Kimi Räikkönen schildert indessen die Details, warum sich Ferrari so schwer tat. Grundsätzlich vorhanden gewesen wäre die Pace nämlich durchaus, so der Iceman. "Es hat sich angefühlt, als wäre da jede Menge Speed gewesen, aber ich konnte ihn nicht wirklich nutzen", sagt Räikkönen. Warum? Kimi: "Das Auto war sehr gut, aber es war knifflig, die Reifen konsistent zum Arbeiten zu bekommen, um damit wirklich zufrieden zu sein."

Der Ferrari-Pilot weiter: "Sie waren in einigen Kurven sehr gut, aber dann etwas zu snappy. Es gab guten Grip, aber dann hat es sich ganz plötzlich geändert und ich hatte Übersteuern auf der letzten Runden - und Untersteuern in Kurve 11 am Ausgang, was die ganzen nächsten Runden auch beeinträchtigt hat. "Es waren heute leider zu viele Ausrutscher und Slides hier und da auf der Runde - weit entfernt von ideal."

Formel 1, Abu Dhabi 2017: Die wichtigsten Fragen zum Finale: (03:53 Min.)

Ferraris Achillesferse im Qualifying: Power-Sektor zwei

Besonders im zweiten Sektor - da, wo sich die beiden langen Geraden des Yas Marina Circuits befinden - tat sich Ferrari allerdings schwer. Mit Blick auf die besten Sektorenzeiten verlor die Scuderia hier besonders viel auf Mercedes, im dritten Sektor war Ferrari etwas näher dran, im ersten sogar auf Augenhöhe. "Wir wussten, dass sie hier besonders im zweiten Sektor sehr stark sind.
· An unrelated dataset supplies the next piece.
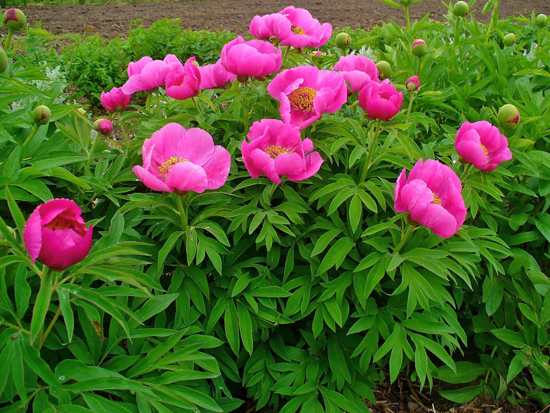 Paeonia officinalis, Paeoniaceae, European peony, Common peony, habitus.

Aber ich bin zumindest ein bisschen überrascht", sagt Vettel.

"Generell bin ich mit dem Handling des Autos aber zufrieden gewesen. Ich glaube nicht, dass der Rückstand auf die Kurven zurückgeht", verweist der Formel-1-Pilot etwas anders als sein Teamkollege auf den üblichen Power-Vorteil Mercedes' speziell in der Qualifikation. Allerdings habe auch er sich nicht hundertprozentig wohlgefühlt. Vettel: "Ich war nicht komplett zufrieden, was den Rhythmus in den Kurven 5, 6 und 7 angeht."

Wolff: Ferrari im Rennen auf Augenhöhe
Vettel: Das ist ein Babbler!

Für das Rennen hofft Vettel nun naturgemäß, wieder näher an Mercedes heranzukommen. "Hoffentlich können wir sie morgen unter Druck setzen. Ich glaube auch, dass wir bei der Rennpace näher dran sind und unsere Starts waren auch gut zuletzt. Aber Überholen wird danach schwer, wenn man hier einen ähnlichen Speed hat. Außerdem muss ich die Augen nach hinten offenhalten", sagt Vettel.
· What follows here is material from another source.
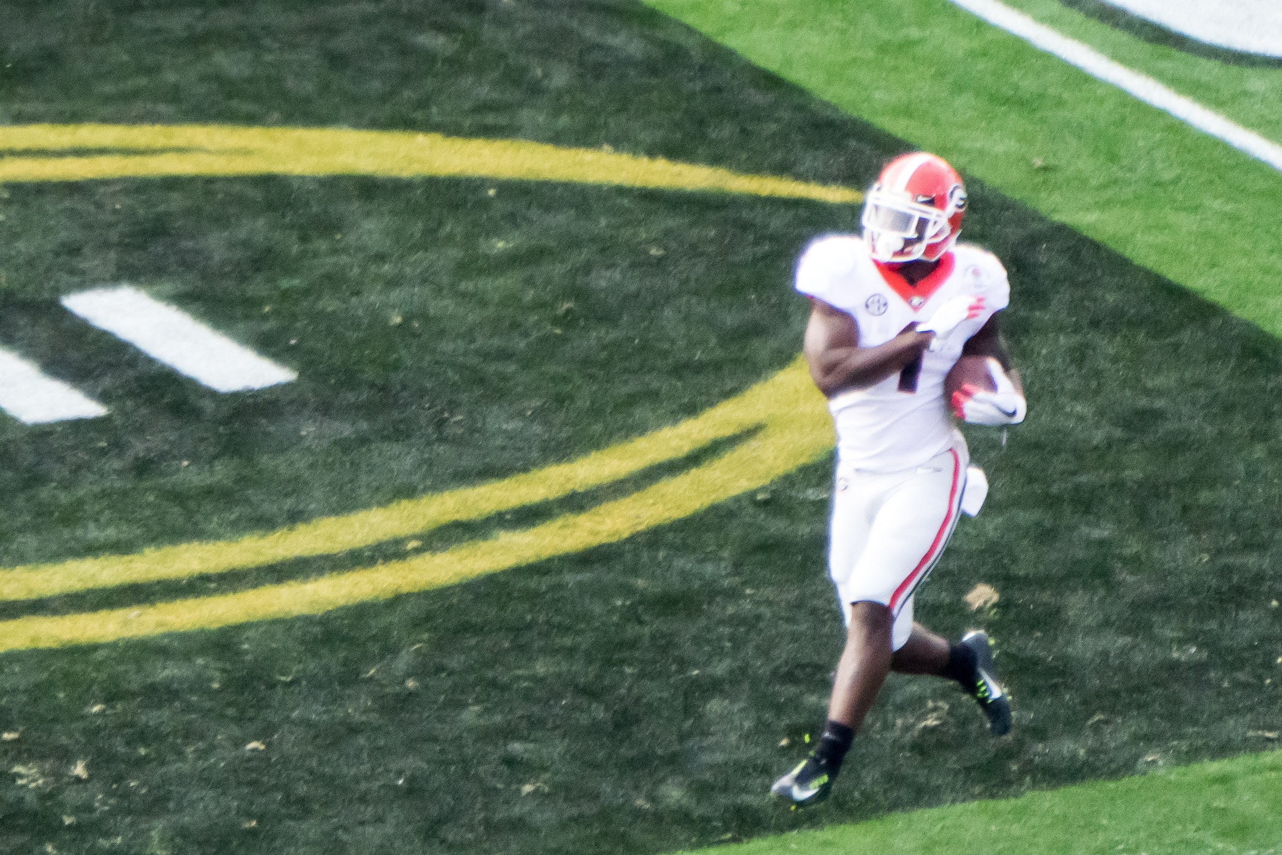 Sony Michel scores Georgia's first touchdown at the 2018 Rose Bowl.

Auf Augenhöhe wie Tiefstapelmeister Toto Wolff sieht Vettel Ferrari im Rennen aber nicht. "Das ist ein Babbler", scherzt der Heppenheimer auf Hessisch über den Mercedes-Chef. "Der soll net so Sprüche machen. Die brauch'n sich keine Gedanken machen, warn richtick schnell heude!" Auch einen psychologischen Vorteil am Start - Bottas vergab schon in Brasilien eine Pole gegen Vettel - sieht Vettel nicht: "Ich wäre viel lieber vorne. Das ist immer die bessere Ausgangslage."